¿De verdad ha dimitido, perdón renunciado, Cristina Cifuentes por una presunta tentativa de hurto? Un mes y cuatro días después de que se destapara la trama falsaria de su no máster, de arrastrar por el fango a la universidad, de mentir con una sinceridad nunca vista, nada había conseguido que dejara de avergonzarnos a todos. «No me voy, me quedo, voy a seguir siendo vuestra presidenta» repetía con ese retintín pijo chulesco tan propio de los populares, sobre todo cuando se les pilla con el carrito de los helados.
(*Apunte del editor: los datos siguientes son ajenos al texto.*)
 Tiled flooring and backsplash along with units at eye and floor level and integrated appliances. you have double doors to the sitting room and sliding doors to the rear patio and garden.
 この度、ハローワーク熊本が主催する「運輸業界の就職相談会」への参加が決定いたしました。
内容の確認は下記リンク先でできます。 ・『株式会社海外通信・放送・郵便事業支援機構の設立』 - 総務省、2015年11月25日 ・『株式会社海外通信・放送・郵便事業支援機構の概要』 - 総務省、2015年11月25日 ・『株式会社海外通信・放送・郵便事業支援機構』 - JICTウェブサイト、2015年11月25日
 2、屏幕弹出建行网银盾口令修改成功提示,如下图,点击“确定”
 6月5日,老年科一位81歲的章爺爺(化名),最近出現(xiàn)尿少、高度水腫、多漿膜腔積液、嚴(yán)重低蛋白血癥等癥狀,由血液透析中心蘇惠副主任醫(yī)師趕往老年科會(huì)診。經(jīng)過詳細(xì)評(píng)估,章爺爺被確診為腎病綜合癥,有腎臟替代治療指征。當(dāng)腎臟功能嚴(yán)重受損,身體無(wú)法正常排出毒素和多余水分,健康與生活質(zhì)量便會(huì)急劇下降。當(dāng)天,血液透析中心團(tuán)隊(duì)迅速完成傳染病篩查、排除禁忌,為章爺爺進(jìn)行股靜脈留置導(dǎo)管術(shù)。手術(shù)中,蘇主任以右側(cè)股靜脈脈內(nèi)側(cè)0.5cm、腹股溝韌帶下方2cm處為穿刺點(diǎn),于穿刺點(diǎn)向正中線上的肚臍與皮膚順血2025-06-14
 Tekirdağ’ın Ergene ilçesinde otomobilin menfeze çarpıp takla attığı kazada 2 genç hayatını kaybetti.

Mi consternación es absoluta no sólo porque me sorprenda sobremanera el escaso glamour de las cremas involucradas, sino por el trato que mereció la señora diputada en esa delicada situación. Hace unos años asistí en el turno de oficio a una detenida de etnia gitana, diagnosticada además de cleptomanía, que tenía fijación por el hurto de champús en los supermercados. Ella también negaba haber cometido el hurto, y a pesar de que su familia se ofrecía a abonar el coste de los productos sustraídos, terminaba inexorablemente detenida, pasando horas en el calabozo hasta su puesta a disposición judicial. Poco importaba que por cuantía fuera sólo hurto y después quedara en libertad. ¿Por qué a una rubia bien vestida, alto cargo político, se le permitió marcharse sin más? Y yo que seguía confiando en el derecho fundamental a la igualdad ante la ley.
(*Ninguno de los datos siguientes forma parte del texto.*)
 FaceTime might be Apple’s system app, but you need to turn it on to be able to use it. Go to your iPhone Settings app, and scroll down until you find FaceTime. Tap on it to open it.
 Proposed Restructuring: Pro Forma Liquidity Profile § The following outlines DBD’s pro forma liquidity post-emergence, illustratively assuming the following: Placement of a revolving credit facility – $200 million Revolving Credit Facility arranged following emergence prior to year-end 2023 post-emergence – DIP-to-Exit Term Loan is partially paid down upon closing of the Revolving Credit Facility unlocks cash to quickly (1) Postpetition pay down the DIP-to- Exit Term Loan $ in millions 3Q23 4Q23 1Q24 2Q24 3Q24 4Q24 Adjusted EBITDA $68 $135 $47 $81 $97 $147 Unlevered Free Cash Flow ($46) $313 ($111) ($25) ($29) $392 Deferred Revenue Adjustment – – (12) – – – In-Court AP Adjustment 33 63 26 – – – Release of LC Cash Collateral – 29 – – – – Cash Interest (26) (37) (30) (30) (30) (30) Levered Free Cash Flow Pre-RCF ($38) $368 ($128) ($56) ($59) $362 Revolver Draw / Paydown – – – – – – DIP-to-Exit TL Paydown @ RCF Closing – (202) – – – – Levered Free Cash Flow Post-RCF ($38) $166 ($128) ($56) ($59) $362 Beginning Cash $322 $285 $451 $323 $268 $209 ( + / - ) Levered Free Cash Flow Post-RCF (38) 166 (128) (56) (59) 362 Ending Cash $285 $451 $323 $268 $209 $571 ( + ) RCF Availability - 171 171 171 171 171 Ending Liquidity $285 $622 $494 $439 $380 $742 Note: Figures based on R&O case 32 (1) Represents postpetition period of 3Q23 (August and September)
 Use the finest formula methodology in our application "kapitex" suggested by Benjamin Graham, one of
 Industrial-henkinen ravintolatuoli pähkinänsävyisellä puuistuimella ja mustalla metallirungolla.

Hablando de catadura moral de los dirigentes del Partido Popular el error invencible de meterse unas cremas en el bolso se queda a la altura del betún si lo comparamos con las declaraciones públicas del nada más y nada menos que ex presidente de la Asamblea parlamentaria del Consejo de Europa y senador español, Pedro Agramunt. En el más clásico estilo de la burrera valenciana dos botes de crema, por muy regeneradoras que sean, palidecen ante la expresión del anhelo de tener capacidad física para disfrutar de la compañía de varias prostitutas, como apuntaba el informe del Consejo de Europa que ha investigado las amistades peligrosas azerís de este machista y retrógrado espécimen.
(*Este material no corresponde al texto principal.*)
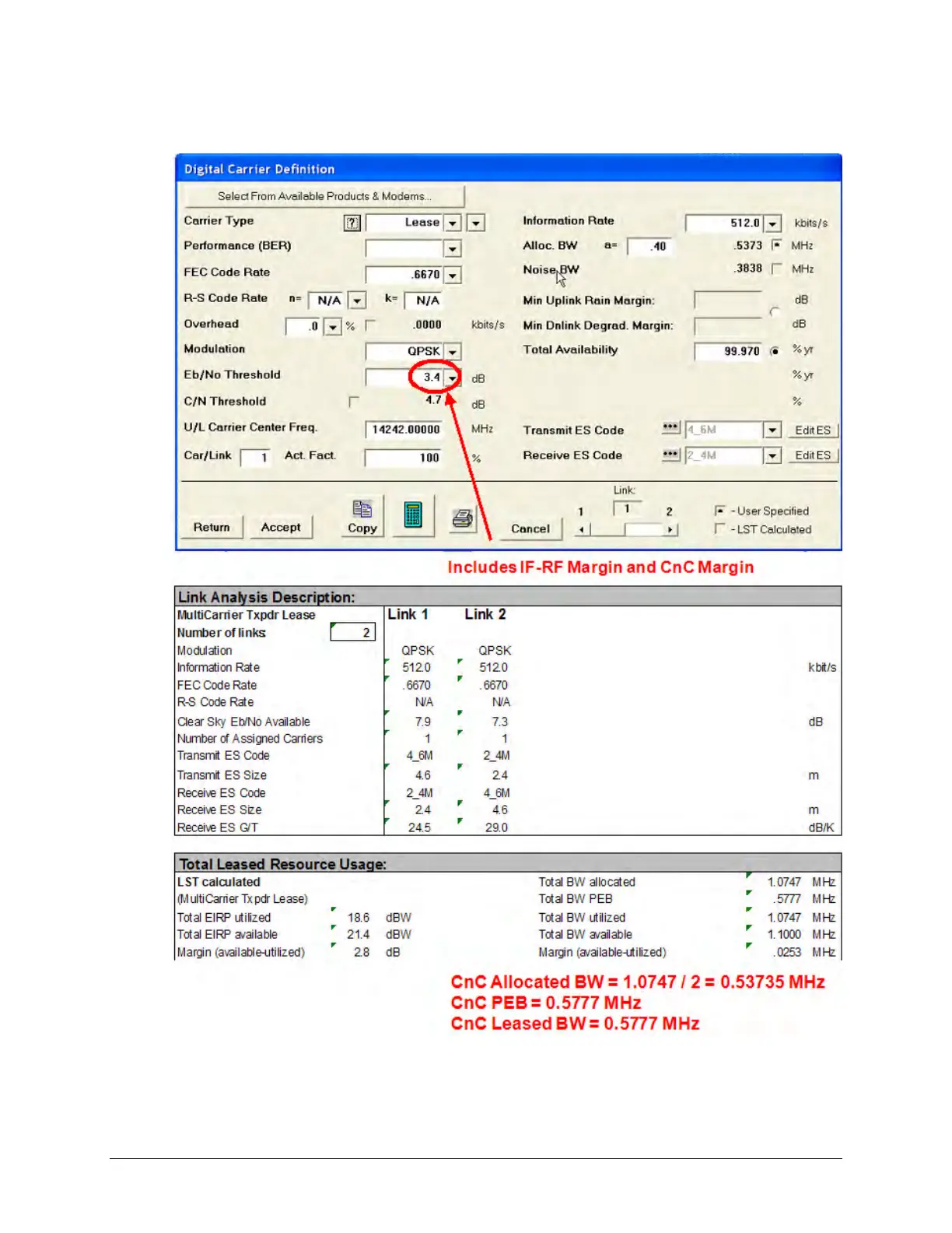 Link parameters and LST summary for QPSK, LDPC 2/3 with Carrier-in-Carrier is as follows:
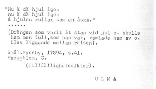 //// "Nu ä dä hjul igen nu ä dä hjul igen i //// å hjulen rullar som en åska." //// (Drängen som varit åt stan vid jul o* skulle S hem men full,som han var, ramlade han av o* blev liggande mellan rälsen). //// Smål.Ryssby, 17894, s.41. Haeggblom, C. //// (Tillfällighetsdikter). //// U L M A ////
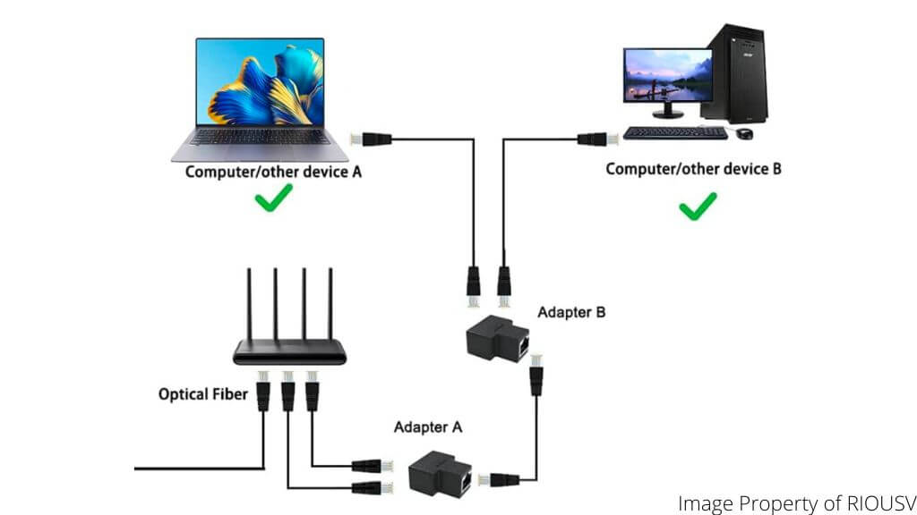There’s nothing exceptional about the RIOUSV cable splitter. Each unit has three RJ45 female ports on it, and you’ll need two, one on each end of the cable you’re splitting, making it all work.
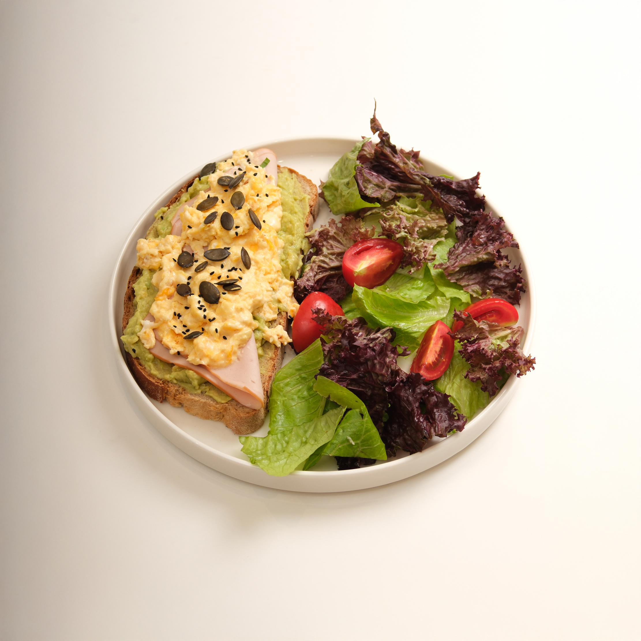 Ekşi maya ekmek üzeri avokado püresi, hindi füme, scramble yumurta

Visto lo visto, hay dos realidades insoslayables: una, los cargos públicos del Partido Popular aún siguen demostrando su capacidad para alcanzar las más altas cotas de corrupción en todos los ámbitos de la vida, desde un supermercado de Vallecas hasta unas elecciones en Azerbaiyán, y dos, que cuando Mariano Rajoy utilizó la expresión «¡Joder, qué tropa!» para referirse a los suyos se quedó muy corto.